[Opening Given records section]
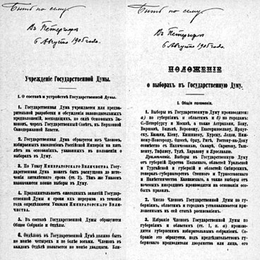 Манифест 6 августа, устанавливающий новую и прямую связь монарха с народом, и сопровождающие его разъяснения дают выборным членам Государственной думы право законодательных начинаний. Статья 34-я закона об учреждении Думы прямо говорит: «Государственной думе предоставляется возбуждать предположения об отмене или изменении действующих и издании новых законов».
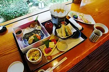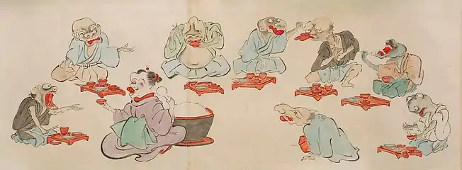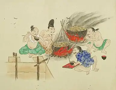 В Записках у изголовья Сэй-Сёнагон подмечает, что прибывшие для ремонта дворца рабочие едят необычно: сперва они полностью выпили суп, затем съели все овощи, а после этого взялись за рис; очевидно, что придворные манеры предполагали чередование блюд[79]. До XIII века знать принимала пищу два раза в день, в 1221 году император уже ел трижды в день[80].
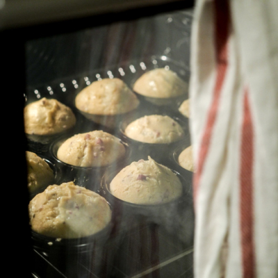 8Ein 12-er Muffinblech befetten und bemehlen, dann den Teig portionsweise in die Förmchen füllen. Bei 200 °C etwa 20 Minuten backen, dann auskühlen lassen.
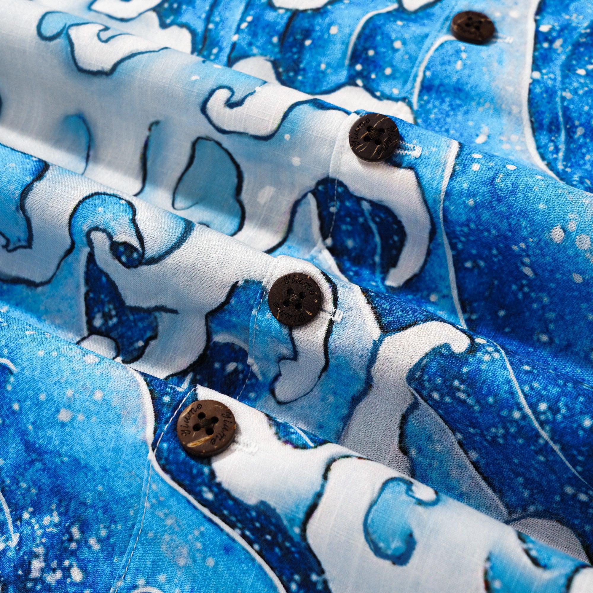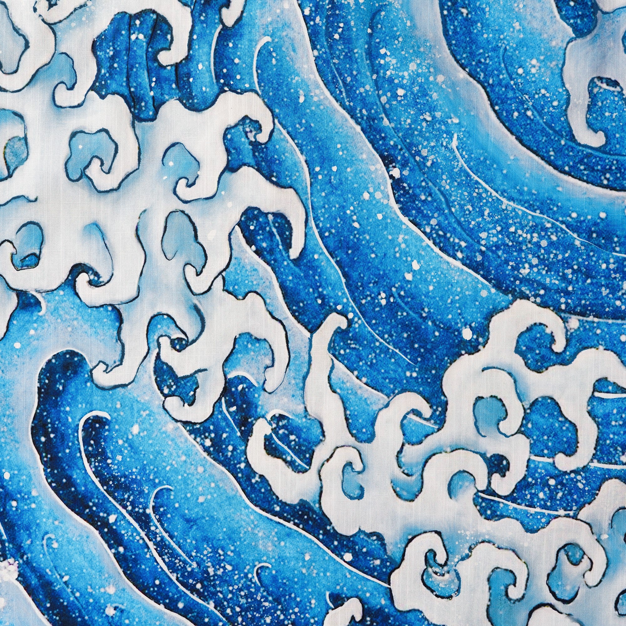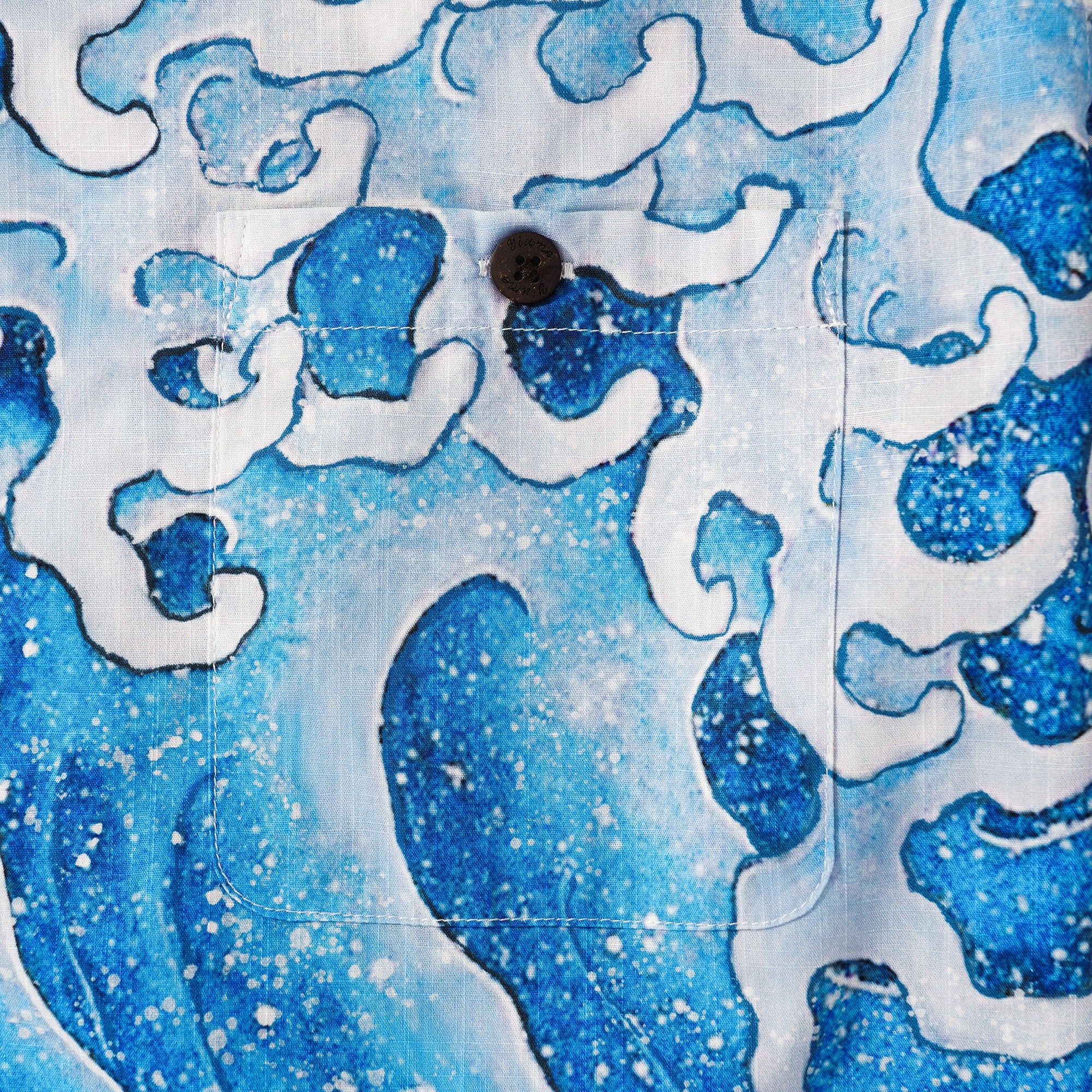 Plongez dans l'œuvre d'art envoûtante de cette chemise, où les bleus profonds et les blancs s'entremêlent pour représenter un paysage marin captivant. Les vagues ondulantes semblent danser et déferler, évoquant un ballet d'énergie. Chaque courbe, chaque crête, est méticuleusement travaillée pour capturer la puissance brute et la beauté de l'océan. Les bleus apaisants évoquent la tranquillité et la profondeur, tandis que l'écume blanche ajoute une touche de vivacité. Cette pièce n'est pas qu'un tableau ; c'est une fenêtre sur l'âme de la mer. Pour ceux qui chérissent la beauté majestueuse et l'attrait de la nature, elle offre l'occasion d'intégrer la grandeur de l'océan dans votre espace, un rappel de l'inspiration infinie de la nature et de la puissance paisible et vivifiante des vagues.
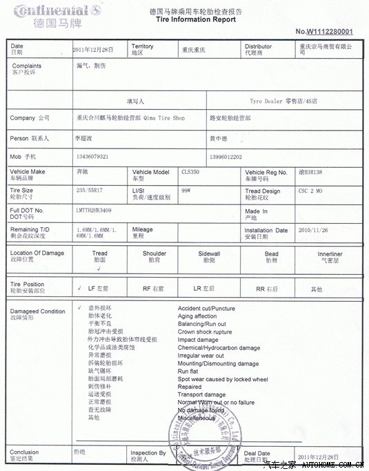 我于2011年购换的德国马牌轮胎(经过授权代理商鉴定为德国马牌正规货)、还不到几个月就产生严重脱胶质量问题——脱胶(见图)。向代理商索赔,德国马牌总公司却谎报我消费者正确信息(《德国马牌乘用车轮胎检验报告》见图)拒不负责,我的车乃是吉普,2011年12月23日申请,2011年12月30日才给予结果,以往的那种迅速处理问题的宣传,是欺骗我们么,居然给我谎报成奔驰,车牌号,车型,安装时间都变更,居然以意外损坏为由拒负责任。如此不敢于承担自己的产品问题的行为,真让人寒心!强烈指责德国马牌的虚伪,产品伪劣,望各位引以为戒,不然后悔莫及!如下公布照片及德国马牌的检验报告,供大家借鉴,维护广大消费者权益!
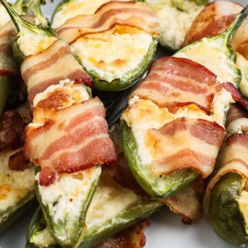 Oven method: Preheat oven to 400°F. Place poppers on a baking sheet lined with foil or parchment paper. Bake 20–25 minutes until bacon is crisp and cheese is bubbly.
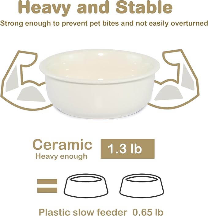 • HEAVY WEIGHTED & ANTI-SLIP: The thick ceramic material and the rubber feet of the pet bowls prevent it from tipping over and sliding.
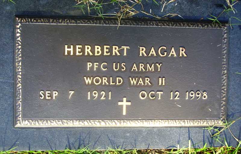 | RAGAR, HERBERT | SEP 7 1921 | OCT 12 1998 | "PFC US ARMY" "WORLD WAR II" Christian Cross emblem |
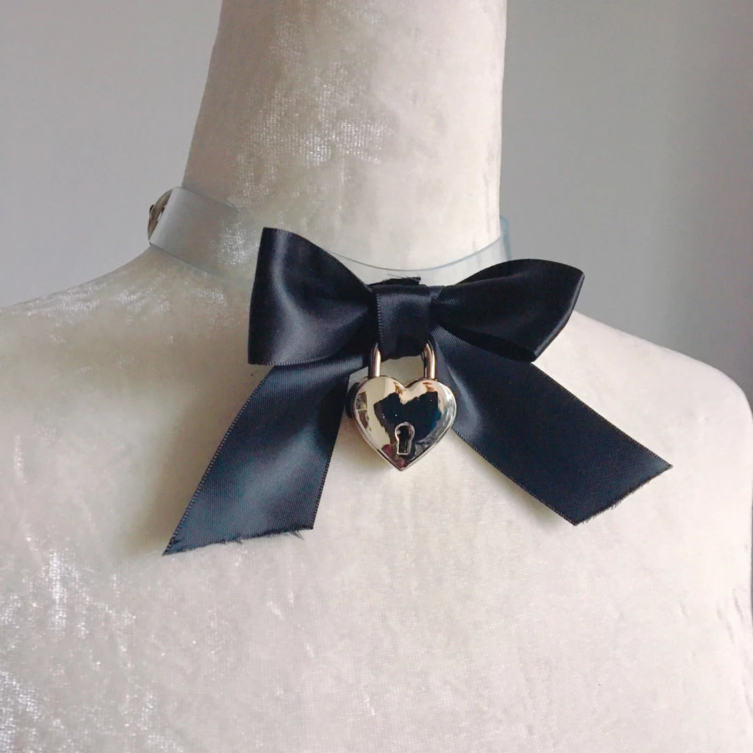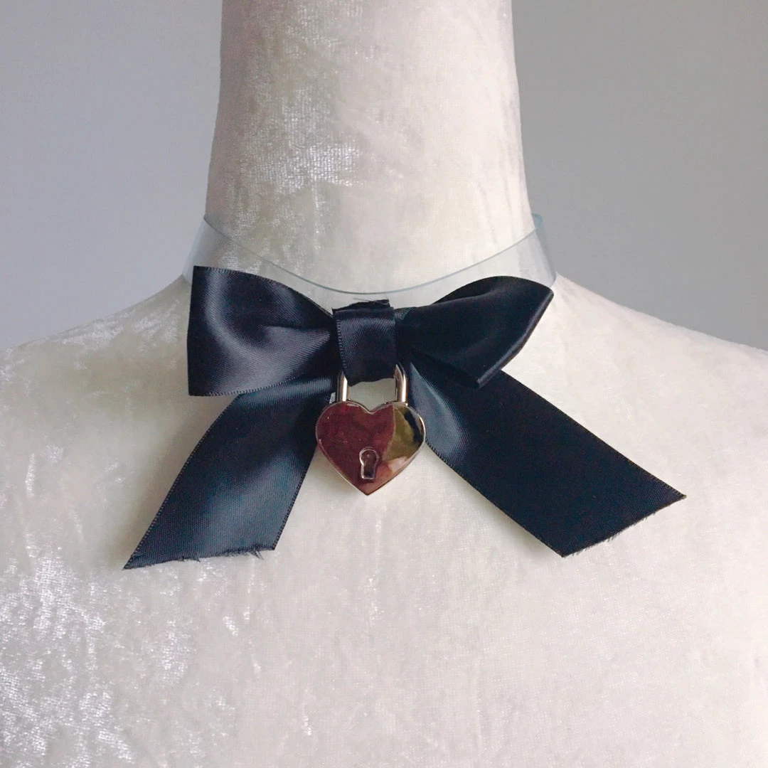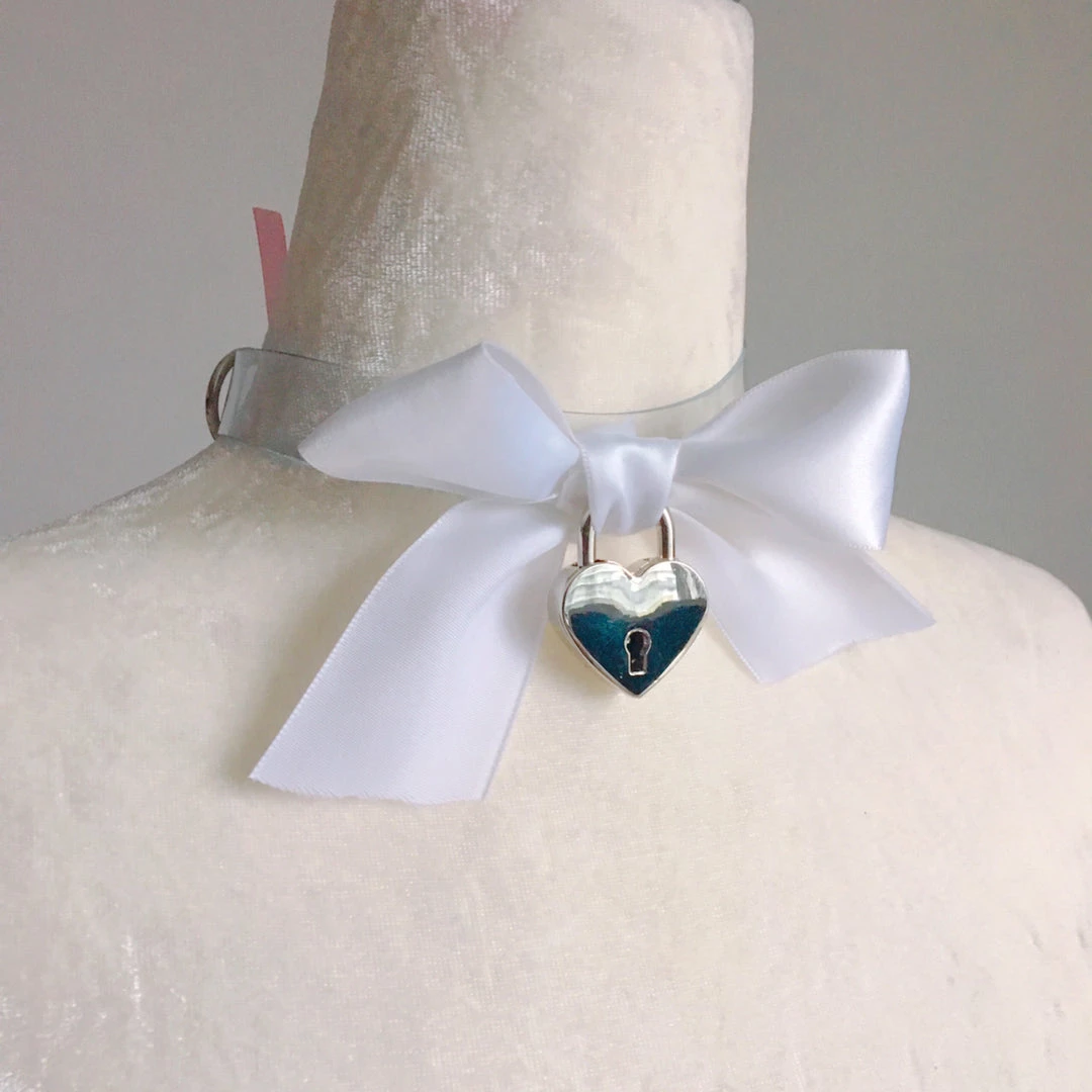 A cute, clear choker with a large satin ribbon and shiny silver heart lock. Real, functioning lock that comes with an accompanying key.
[Closing Given records section]
→ **Task item**
Omitting all pictures, retype exactly the lines from the line containing "over and sliding." down to the last line above, both ends included.

→ **Exercise answer**
 • HEAVY WEIGHTED & ANTI-SLIP: The thick ceramic material and the rubber feet of the pet bowls prevent it from tipping over and sliding.
 | RAGAR, HERBERT | SEP 7 1921 | OCT 12 1998 | "PFC US ARMY" "WORLD WAR II" Christian Cross emblem |
 A cute, clear choker with a large satin ribbon and shiny silver heart lock. Real, functioning lock that comes with an accompanying key.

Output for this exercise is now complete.